Avocado Hummus With Coriander and Lemon

27 Mar

Avocado Hummus

We are coming to the end of the Hass avocado season here now and I can’t believe I haven’t shared a recipe with you using my favourite fruit/vegetable yet. Avocados are excellent for helping to lower cholesterol, keeping  your heart healthy, preventing cancer and alleviating symptoms of arthritis.

Avocados on TreeThey are still cheap and plentiful here at the market so I bought a kilo on Sunday. One of my favourite recipes using avocado is this Tricolor Baked Avocado. If you’ve never tried avocado cooked you should, it’s surprisingly delicious.

avocados

This is new recipe to me and I have to say it is definitely a keeper. Two of my favourite dishes fused together in a bowl.  It’s a hummus and guacamole hybrid. It shouldn’t work but it does, brilliantly. And it’s quick, easy, healthy and addictive.

Perfect for a snack or late night supper when you can’t be bothered with anything complicated.

Avocado Hummus

Avocado Hummus Recipe

Serves 2-3, vegan, gluten-free.
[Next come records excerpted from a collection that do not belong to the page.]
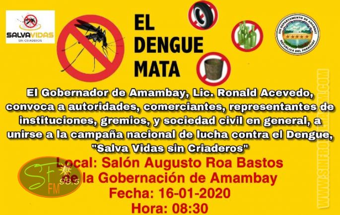 PEDRO JUAN CABALLERO. Con el objetivo de coordinar acciones para la prevención y el control de las arbovirosis en focos de riesgo de brotes de Dengue, Zika y Chikungunya, hoy jueves, 16 de enerose llevara a cabo la primera reunión en el marco de la campaña nacional “Salva vidas sin criaderos”.
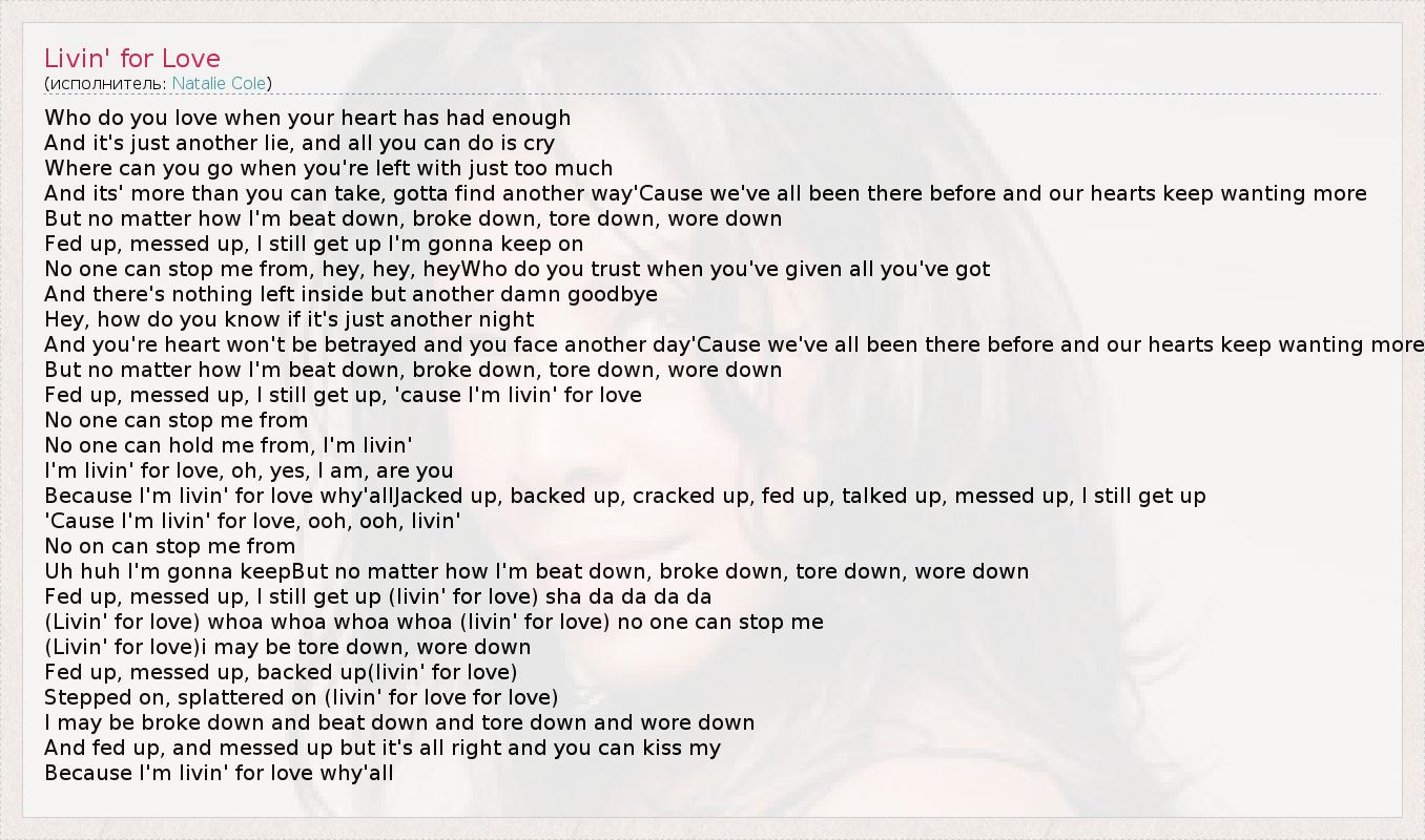 Because I'm livin' for love why'allJacked up, backed up, cracked up, fed up, talked up, messed up, I still get up
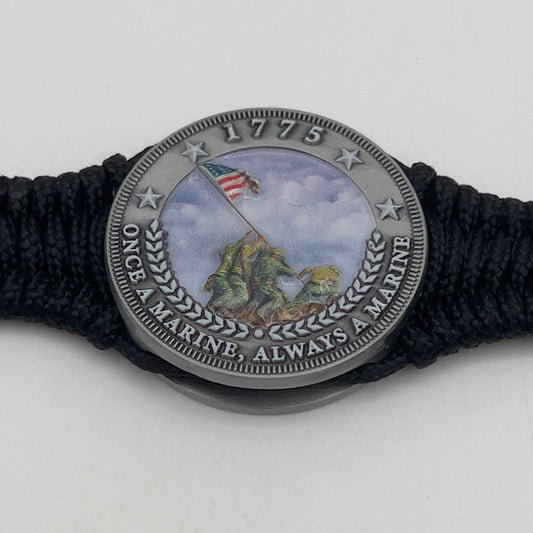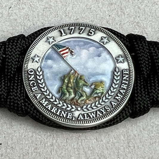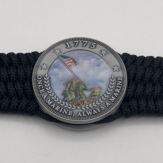 USMC Iwo Jima bracelet | UV Painted | Black | Thick | Narrow
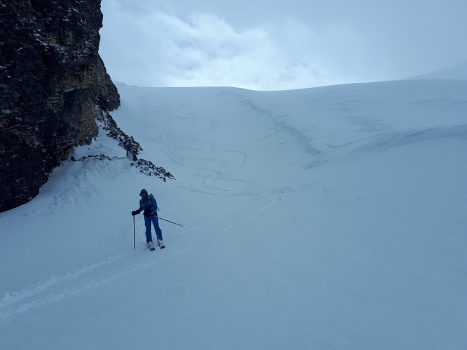 Parti avec la première benne. Bonne surprise avec 10 cm de poudreuse sur l itinéraire et peu de vent. Accès pour la Früstückplatz passe sans problème. Au dessus on joue à cache-cache avec les nuages. Très bon ski à la descente.. du coup on est descendu par l itinéraire de montée, puis remonté pour descendre ensuite directement sur les perches. De plus en plus couvert, mais quand même bonne visibilité. Super journée! Encore longtemps possible, il reste pas loin d un mètre d épaisseur sur le plateau.
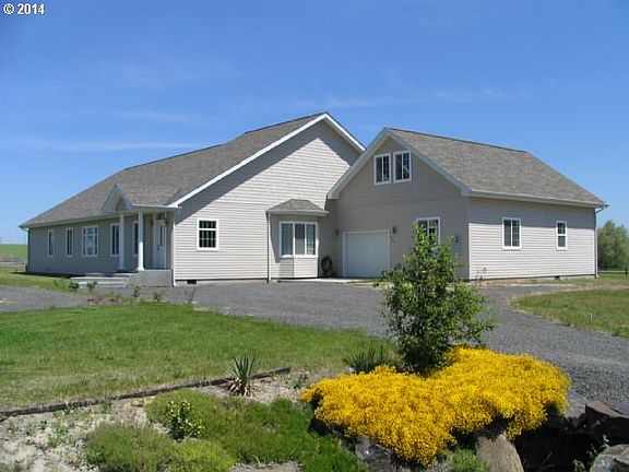 Oasis in Adams! Come see this Newer Custom Built Executive Home nestled in the quiet community of Adams, Oregon. Featuring high ceilings, unique and open floor plan, spacious walk in pantry, bonus rooms, and complete with architectural interest and attention to detail. Plenty of windows bring in natural light. Pellet Stove, Ample RV Parking and a large shop. Combine the benefits of contemporary construction and country living.
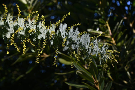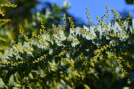 Acacia dealbata silver wattle yellow flowers blooming

Adapted from Kiran Tarun

  • 200 g cooked chickpeas (drained & rinsed)
  • 1 large avocado (I used 2 mini ones)
  • 1 large clove garlic
  • 3 Tbsp tahini
  • juice of 1 lemon
  • a big handful of fresh coriander
  • 1/2 tsp ground cumin
  • 1/2 tsp chipotle chilli sauce (optional)
  • salt & black pepper
  • olive oil

Put all the ingredients into a food processor (or use a stick blender) with a splash of olive oil and puree until smooth. You can add more oil if you need to get the right consistency. Taste and check seasoning.

Avocado Hummus

Serve with raw veggies or toasted pita for dipping. You could try making your own flour tortilla or flatbread crackers by brushing them with oil, cutting into triangles with scissors, sprinkling with cumin, salt & pepper and baking at 125C for about 10 minutes until crispy.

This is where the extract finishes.